Фундаментальная критика критической теории была также чётко выражена постструктуралистами (Ж. Лиотар, М. Фуко, Ж. Деррида и др.). Они задавались вопросом, могут ли знания быть когда-либо отделены от власти, и, следова­тельно, отрицали как непоследовательное и опасное требова­ние критической теории обеспечить разумное обоснование их нормативных стандартов. Подобное требование непосле­довательно, утверждают критики, поскольку любые формы знаний, включая идею идеальных условий для произнесения речи и коммуникативные действия, являются выражением власти и неизбежно оказывают подчиняющее воздействие на тех, кто признает их как истинные.

Суть возражения здесь заключается в том, что крити­ческая теория недостаточно подвержена самоанализу, недос­таточно самокритична по отношению к своим собственным основаниям, в частности, это касается предположения о том, что ее идеи об "автономии" и "ответственности" бесспорно благоприятны для человечества. Такая точка зрения опасна, заявляют постструктуралисты, поскольку она предполагает, что все, что дано во имя гуманизма и эмансипации, как-то должно освободить от собственного угнетающего влияния. Именно риск является одним из оснований, к которому обра­щаются для отрицания или затемнения смысла форм подчи­нения, которые якобы требуется выявить и устранить. Ю. Ха­бермас вынужден был признать, что критическая теория не может избежать этого риска. Однако затем он пытался обра­титься к постиндустриалистам, приглашая их поразмыш­лять над тем, что для него имеет более серьёзные последст­вия, оставив рассуждения об основаниях для различения правды и лжи, рационального и иррационального. По этому поводу Ю. Хабермас утверждает: "Любые притязания на обо­снованность становятся свойственными отдельным рассужде­ниям. Они одновременно включаются в совокупность при­близительно одного из машинально приходящих на ум рас­суждений, так как одно берет верх над другим". При этом критическая теория отстаивает свою точку зрения, исходя из того, что усилия, направленные на разграничение правды и лжи, наносят меньше ущерба их явно консервативным наме­рениям, чем отказ от таких действий либо показ того, что эти различия исключительно "свойственны отдельным рассуж­дениям, а не того, что они в любом случае должны быть усло­вием для всех видов рассуждений".

"Внутренняя" критика.

Рассмотрим теперь два вида этой критики, выразителя­ми которой были те, кто благожелательно относился к крити­ческой теории.

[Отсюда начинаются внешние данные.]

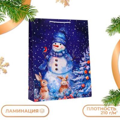 Пакет подарочный «Гордый снеговик», 33×42.5×10 см. <strong> Подарочный новогодний пакет</strong> — это стильное и практичное решение для упаковки подарков к Новому году. Он выполнен из высококачественного материала, который обеспечивает надежную защиту содержимого от внешних воздействий. Пакет имеет плотную структуру и приятную на ощупь поверхность, что делает его удобным в использовании. Он украшен яркими новогодними узорами и изображениями, которые создают атмосферу праздника и волшебства. Подарочный новогодний пакет имеет оптимальные размеры, позволяющие упаковать различные предметы, от небольших сувениров до крупных подарков. Он также может быть использован для хранения и транспортировки продуктов питания, например сладких подарков под елку, так как материал, из которого он изготовлен, является безопасным для контакта с пищевыми продуктами. Этот пакет — отличный выбор для тех, кто ценит качество и стиль. Он станет прекрасным дополнением к любому подарку и создаст праздничное настроение.

Во-первых, это феминизм, для которого характерно критическое отношение к пренебрежению критической тео­рии патриархатом как исконной причиной угнетения. Во-вторых, это те, кто критиковал критическую теорию и, в частности, Ю. Хабермаса, за непонимание различия между первичными и вторичными качествами, присущими челове­ческому существованию и связанными с этим препятствиями эмансипационным изменениям.

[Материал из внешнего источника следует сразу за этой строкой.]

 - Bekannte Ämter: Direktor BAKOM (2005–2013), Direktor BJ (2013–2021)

Радикальный феминизм уделяет внимание тому, что является самым большим "белым пятном" в критической те­ории. Большое значение придаётся жизненно важному по­ниманию патриархата как основной причины угнетения, считается, что феминистское движение является важным, но все ещё недооцениваемым источником противостояния "уг­нетающим" представлениям и обычаям. Более того, постфе­министские идеи, возможно, имеют отношение к критичес­кой теории и, в частности, к идее Ю. Хабермаса относитель­но общения, так как они открывают возможности для обще­ния и распространения сообщений о формах подчинения, связанных с тендерными различиями. Вместо того чтобы просто отвергать критическую теорию как "использующую родовой признак в качестве отговорки", нужно, чтобы неко­торые постфеминисты критически переосмыслили представ­ления о методах критической теории, которые признавали бы их взаимный интерес и пытались бы обогатить их соответ­ствующее объяснение.

Н. Фрейзер, например, пересматривает различие, с од­ной стороны, между общественной жизнью, которая тесно связана с внутренней и частной сферой и которая избегает прямого руководства посредством формальной рациональ­ности и, с другой стороны, с "системой", где формальная ра­циональность является доминирующей и которая более тес­но связана с трудовой и общественной сферой. В одной пло­скости можно обнаружить, что различие "между "общест­венной жизнью" и "системой", на первый взгляд, опирается на эмпирическую социальную реальность".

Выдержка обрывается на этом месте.